— To do —
Leave out all pictures. Extract exactly the lines from the one containing "賽后湖人官方發(fā)布東契" through the end of the data.

=== Task input ===

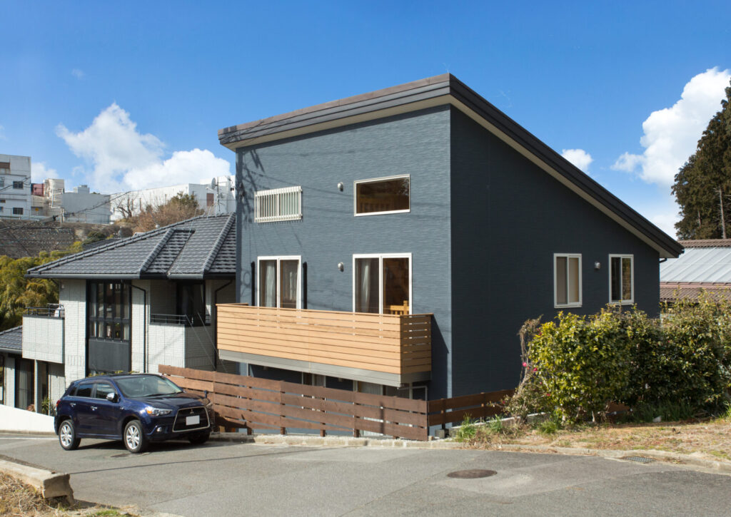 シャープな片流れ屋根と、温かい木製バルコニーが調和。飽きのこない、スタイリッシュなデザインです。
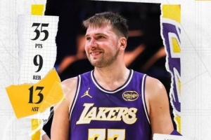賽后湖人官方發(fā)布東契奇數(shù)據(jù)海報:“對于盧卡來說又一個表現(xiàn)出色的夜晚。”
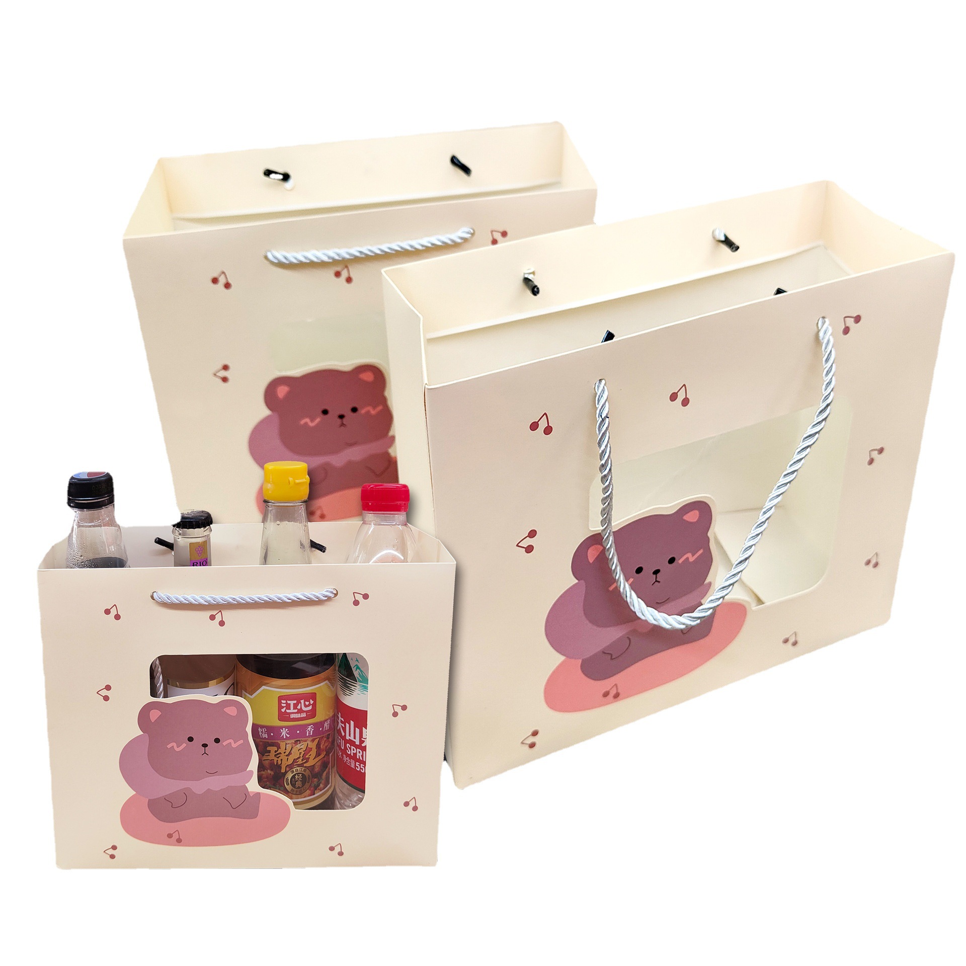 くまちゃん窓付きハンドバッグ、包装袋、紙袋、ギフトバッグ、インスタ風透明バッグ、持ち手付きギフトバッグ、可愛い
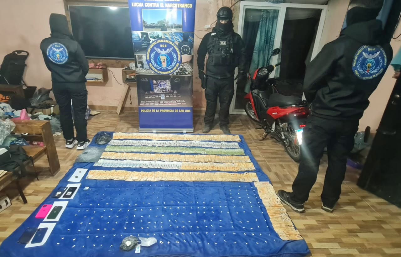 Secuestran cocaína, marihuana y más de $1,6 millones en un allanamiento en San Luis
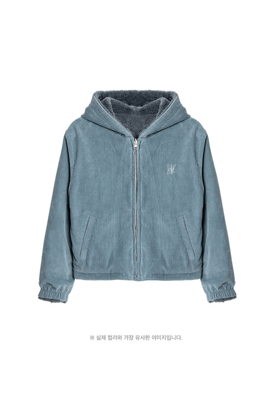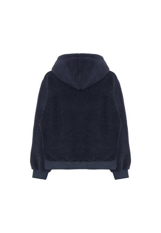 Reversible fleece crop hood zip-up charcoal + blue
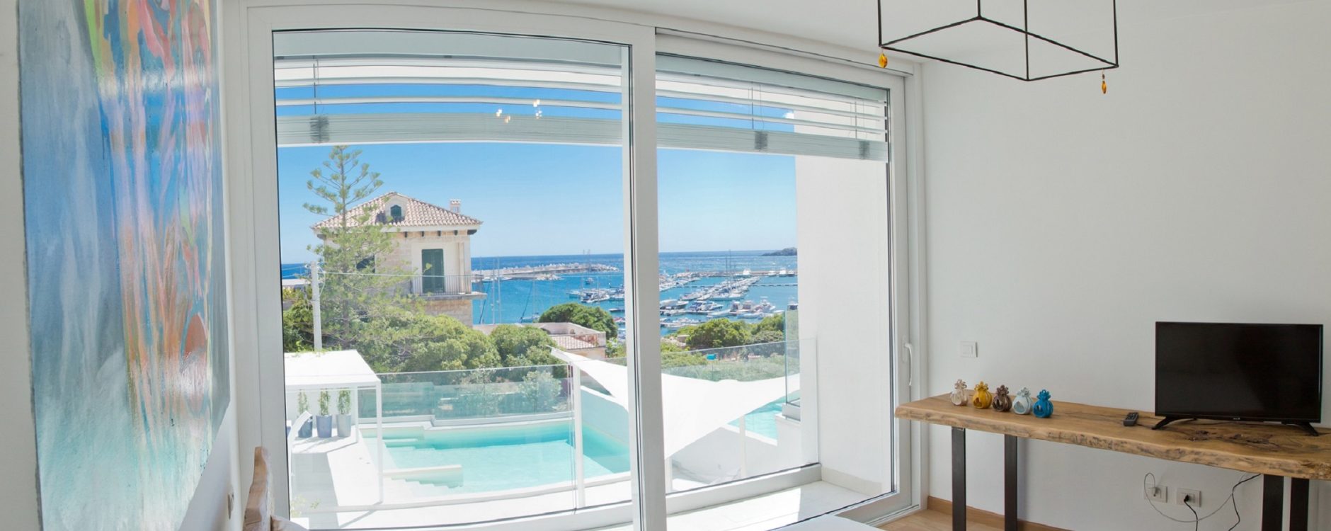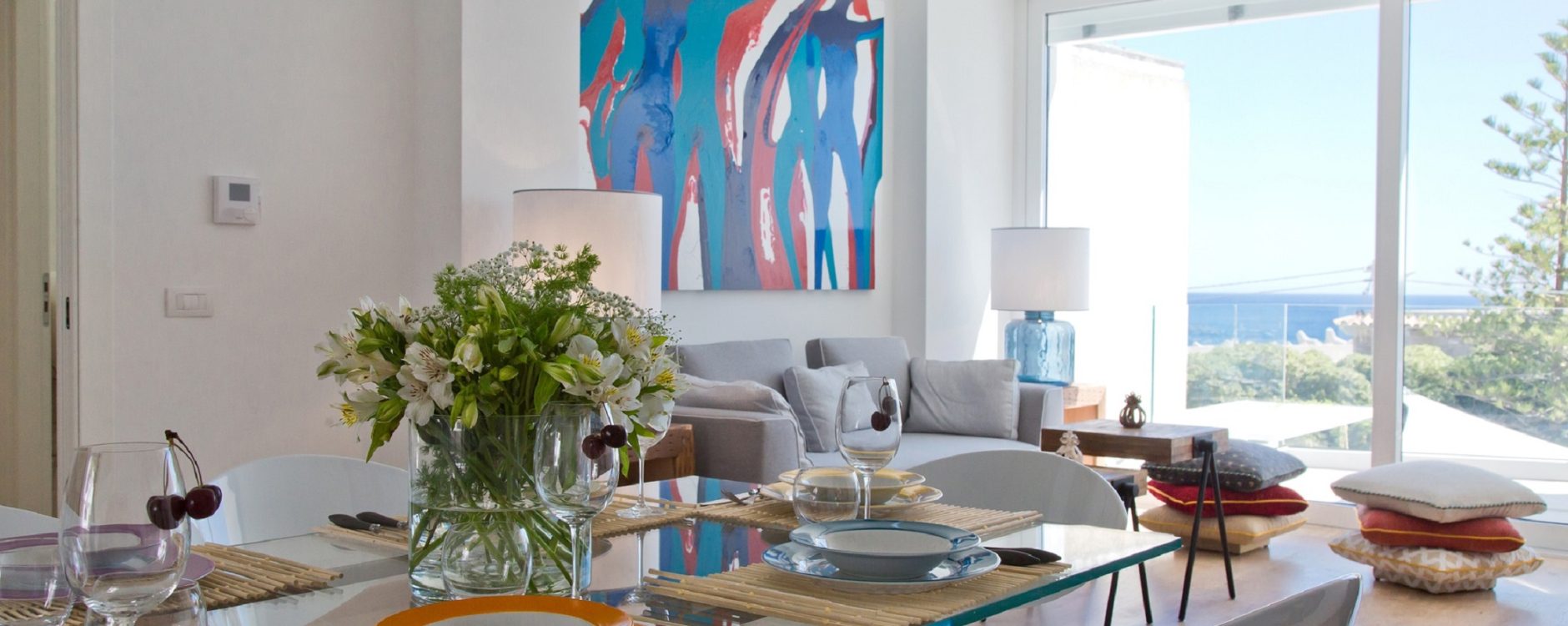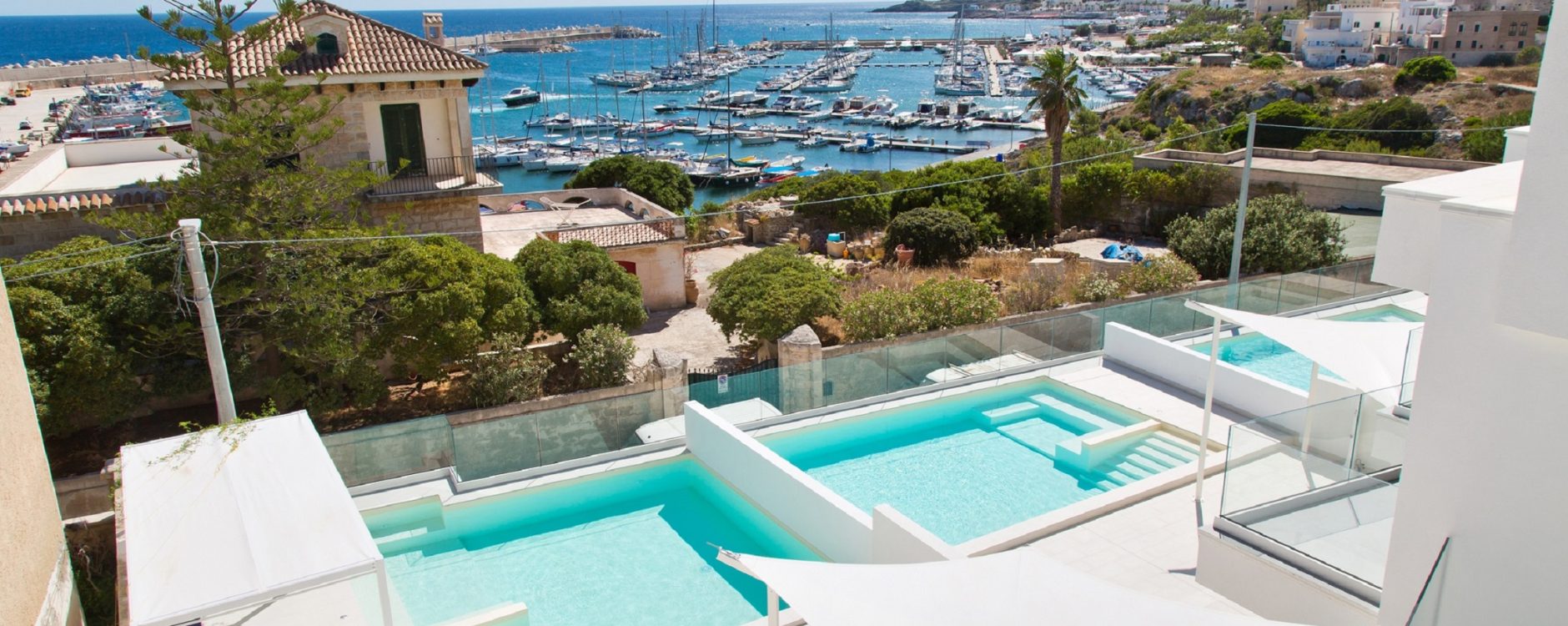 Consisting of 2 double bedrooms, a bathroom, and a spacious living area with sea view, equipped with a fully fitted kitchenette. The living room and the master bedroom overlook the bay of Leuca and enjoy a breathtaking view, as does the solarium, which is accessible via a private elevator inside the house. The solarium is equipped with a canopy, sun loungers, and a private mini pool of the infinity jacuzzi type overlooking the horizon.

===

— Answer area —
賽后湖人官方發(fā)布東契奇數(shù)據(jù)海報:“對于盧卡來說又一個表現(xiàn)出色的夜晚。”
 くまちゃん窓付きハンドバッグ、包装袋、紙袋、ギフトバッグ、インスタ風透明バッグ、持ち手付きギフトバッグ、可愛い
 Secuestran cocaína, marihuana y más de $1,6 millones en un allanamiento en San Luis
 Reversible fleece crop hood zip-up charcoal + blue
 Consisting of 2 double bedrooms, a bathroom, and a spacious living area with sea view, equipped with a fully fitted kitchenette. The living room and the master bedroom overlook the bay of Leuca and enjoy a breathtaking view, as does the solarium, which is accessible via a private elevator inside the house. The solarium is equipped with a canopy, sun loungers, and a private mini pool of the infinity jacuzzi type overlooking the horizon.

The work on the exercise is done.